In your copy, reproduce the entries exactly as they are, minus the images.
──────── Given data
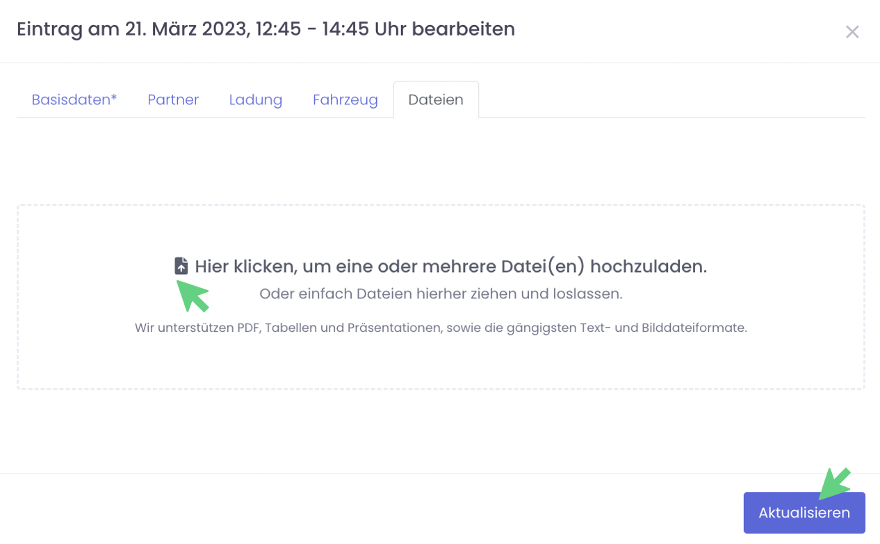 Außerdem kannst du unter dem Reiter “Dateien” auch nachträglich Dokumente hochladen.
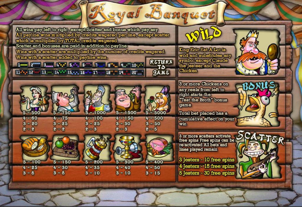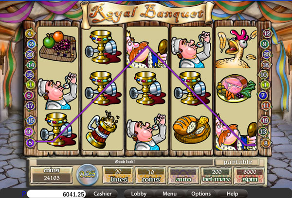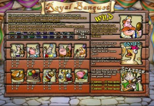 The slot’s 5 reels are occupied by a total of 20 lines. There are bonus games, free spins, a scatter and a wild among the features of Royal Banquet. The top payouts will give you $12,500.
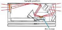 The hard disk samples HD1, HD2, and HD3 were analyzed in grazing angle reflectance mode using the grazing angle accessory. This accessory is designed to optimize grazing angle measurements at 80°. Figure 1 shows the optical design (1) of the accessory, in which the beam from the spectrometer is focused onto a circular pin mirror. The reflected beam from this mirror strikes the sample at an 80° angle of incidence. The area of the sample that is being measured is equivalent to the size of the circular pin mirror, in this case, a 0.5-in. diameter spot size.
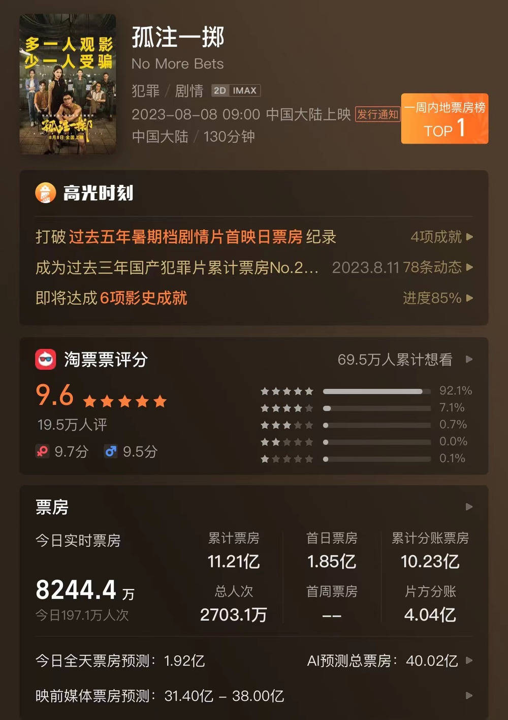 昨日单日票房接近1亿,目前累计票房超过11亿,《孤注一掷》毫无疑问成为了2023年暑假最后一部爆款热门影片。
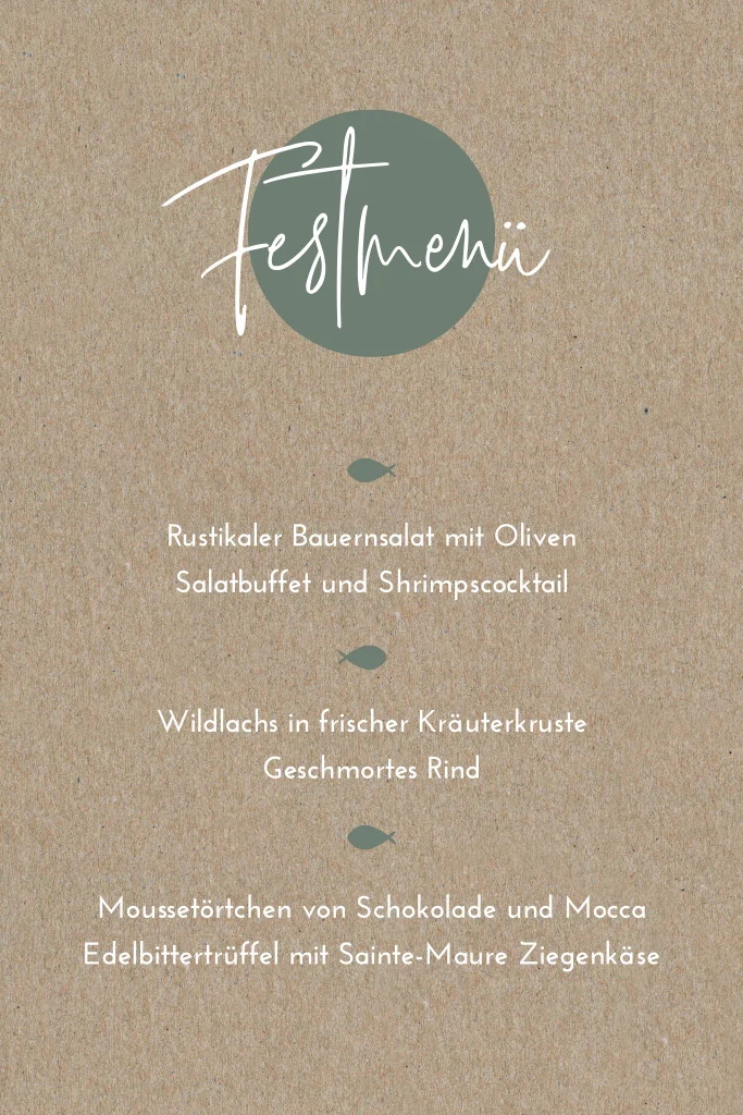 Menükarte zur Taufe im Kraft-Look mit Ichthys Fischen
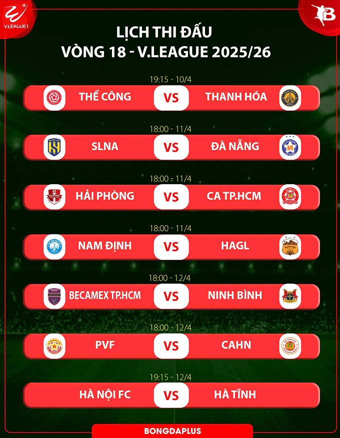 Trên sân Bình Dương, một trận thắng trước Becamex TP.HCM cũng là cách Ninh Bình khẳng định đã lấy lại phong độ cần thiết sau thắng lợi trước HAGL để cắt đứt chuỗi 5 trận không thắng ở V.League. Trên sân nhà, áp lực mất vị trí nhì bảng của Thể Công sẽ gia tăng nếu như không giành được chiến thắng trước Thanh Hóa.
────────────────
Written response:
 Außerdem kannst du unter dem Reiter “Dateien” auch nachträglich Dokumente hochladen.
 The slot’s 5 reels are occupied by a total of 20 lines. There are bonus games, free spins, a scatter and a wild among the features of Royal Banquet. The top payouts will give you $12,500.
 The hard disk samples HD1, HD2, and HD3 were analyzed in grazing angle reflectance mode using the grazing angle accessory. This accessory is designed to optimize grazing angle measurements at 80°. Figure 1 shows the optical design (1) of the accessory, in which the beam from the spectrometer is focused onto a circular pin mirror. The reflected beam from this mirror strikes the sample at an 80° angle of incidence. The area of the sample that is being measured is equivalent to the size of the circular pin mirror, in this case, a 0.5-in. diameter spot size.
 昨日单日票房接近1亿,目前累计票房超过11亿,《孤注一掷》毫无疑问成为了2023年暑假最后一部爆款热门影片。
 Menükarte zur Taufe im Kraft-Look mit Ichthys Fischen
 Trên sân Bình Dương, một trận thắng trước Becamex TP.HCM cũng là cách Ninh Bình khẳng định đã lấy lại phong độ cần thiết sau thắng lợi trước HAGL để cắt đứt chuỗi 5 trận không thắng ở V.League. Trên sân nhà, áp lực mất vị trí nhì bảng của Thể Công sẽ gia tăng nếu như không giành được chiến thắng trước Thanh Hóa.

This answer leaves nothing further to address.